SEER Data Analysis

Phase 2: Wrangling



In [9]:

    
import re
import time
import os
import sqlite3
import pandas as pd
import numpy as np

The MasterSeer class is the primary "daddy" class for the entire project. Scripts in all other project phases include inheritance, i.e. "children", of this master class. The MasterSeer class manages connections into the sqlite3 database. A cool feature is the "if path" condition which makes this code run on both Macs and PCc-- very useful when team members use different systems!



In [10]:

    
class MasterSeer(object):

    # database file name on disk
    DB_NAME = 'seer.db'

    def __init__(self, path = r'./data/', reload = True, verbose = True):

        if type(path) != str:
            raise TypeError('path must be a string')

        if path[-1] != '/':
            path += '/'            # if path does not end with a backslash, add one

        self.path = path

        # List to hold lists of [Column Offset, Column Name, Column Length]
        self.dataDictInfo = []
        self.db_conn = None
        self.db_cur = None

    def __del__(self):
        self.db_conn.close()

The initi_databse function creates a database connection and cursor to sqlite3. If the reload parameter is true, the function deletes all the data from and creates a new empty database.



In [11]:

    
def init_database(self, reload):
        try:
            if reload:
                os.remove(self.path + self.DB_NAME)
        except:
            pass

        try:
            #initialize database
            self.db_conn = sqlite3.connect(self.path + self.DB_NAME)
            self.db_cur = self.db_conn.cursor()

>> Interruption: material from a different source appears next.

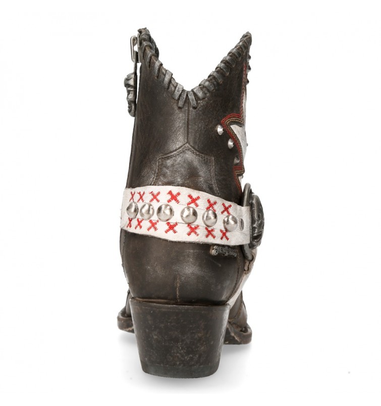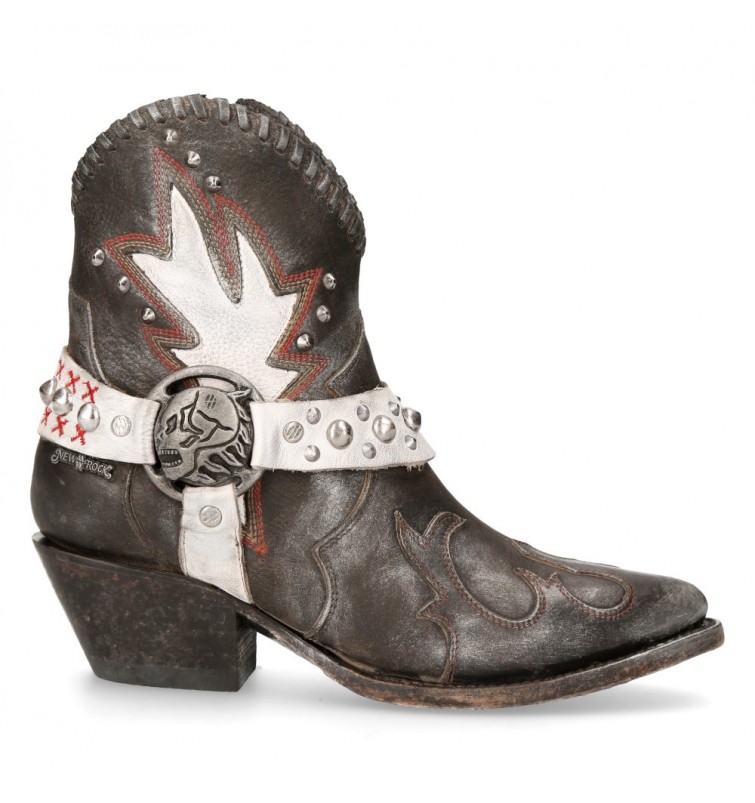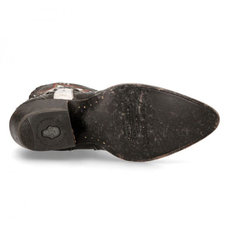 Botines de la colección Dallas de New Rock. Fabricados en cuero y piel de serpiente, son elásticos para proporcionar facilidad al ponerselas y quitarselas y gran adaptabilidad al pie. Estos botines tienen tacón de acero característico de New Rock.

            if self.verbose:
                print('Database initialized')

            return self.db_conn, self.db_cur

        except Exception as e:
            print('ERROR connecting to the database: ')
            return None, None

The next function loads the data dictionary describing the raw SEEER data and returns a dataframe of the data dictionary.



In [12]:

    
def load_data_dictionary(self, fname = r'SeerDataDict.txt'):
            
        REGEX_DD = '\$char([0-9]+).'

        t0 = time.perf_counter()

        if self.verbose:
            print('\nStart Load of Data Dictionary')

        # read our custom tab delimited data dictionary
        df = pd.read_csv(self.path + fname, delimiter='\t')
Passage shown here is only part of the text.